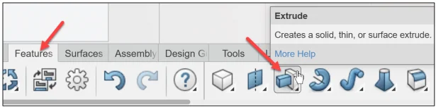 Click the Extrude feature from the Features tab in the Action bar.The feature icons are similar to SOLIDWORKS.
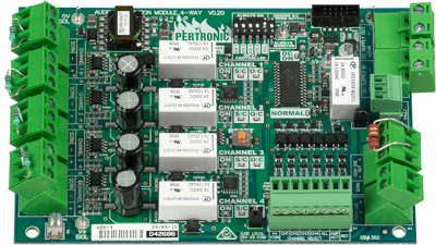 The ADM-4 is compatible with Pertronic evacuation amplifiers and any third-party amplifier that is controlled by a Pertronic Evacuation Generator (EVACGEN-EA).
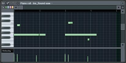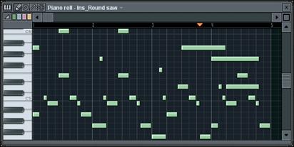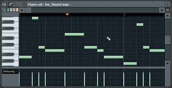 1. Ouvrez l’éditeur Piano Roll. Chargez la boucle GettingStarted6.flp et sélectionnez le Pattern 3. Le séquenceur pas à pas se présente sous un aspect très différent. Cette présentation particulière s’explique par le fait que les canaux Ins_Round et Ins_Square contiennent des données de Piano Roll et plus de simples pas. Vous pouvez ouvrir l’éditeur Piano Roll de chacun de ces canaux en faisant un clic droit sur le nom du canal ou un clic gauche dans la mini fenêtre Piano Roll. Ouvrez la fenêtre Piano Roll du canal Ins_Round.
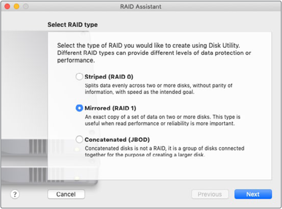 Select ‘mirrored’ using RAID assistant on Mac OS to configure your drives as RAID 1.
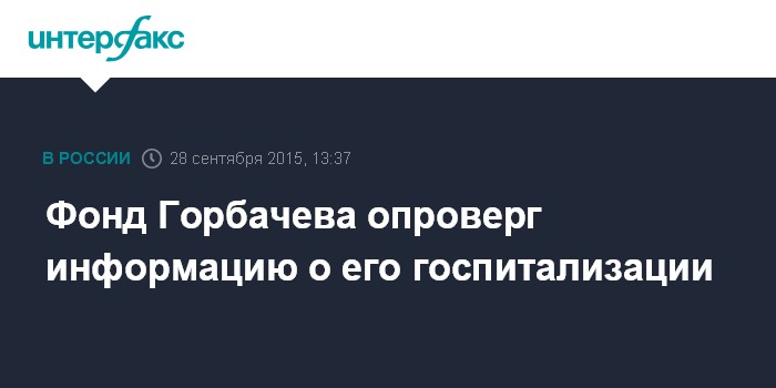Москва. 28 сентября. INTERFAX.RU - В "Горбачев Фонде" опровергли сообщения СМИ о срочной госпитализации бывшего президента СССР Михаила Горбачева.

:::

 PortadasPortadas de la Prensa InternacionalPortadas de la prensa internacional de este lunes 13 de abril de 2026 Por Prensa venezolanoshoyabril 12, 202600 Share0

:::

Task statement: In the material above, which lines fall between the one holding "Click the Extrude" and the one holding "Москва. 28 сентября.", inclusive? Print exactly those, with the pictures left out.

Task result:
 Click the Extrude feature from the Features tab in the Action bar.The feature icons are similar to SOLIDWORKS.
 The ADM-4 is compatible with Pertronic evacuation amplifiers and any third-party amplifier that is controlled by a Pertronic Evacuation Generator (EVACGEN-EA).
 1. Ouvrez l’éditeur Piano Roll. Chargez la boucle GettingStarted6.flp et sélectionnez le Pattern 3. Le séquenceur pas à pas se présente sous un aspect très différent. Cette présentation particulière s’explique par le fait que les canaux Ins_Round et Ins_Square contiennent des données de Piano Roll et plus de simples pas. Vous pouvez ouvrir l’éditeur Piano Roll de chacun de ces canaux en faisant un clic droit sur le nom du canal ou un clic gauche dans la mini fenêtre Piano Roll. Ouvrez la fenêtre Piano Roll du canal Ins_Round.
 Select ‘mirrored’ using RAID assistant on Mac OS to configure your drives as RAID 1.
Москва. 28 сентября. INTERFAX.RU - В "Горбачев Фонде" опровергли сообщения СМИ о срочной госпитализации бывшего президента СССР Михаила Горбачева.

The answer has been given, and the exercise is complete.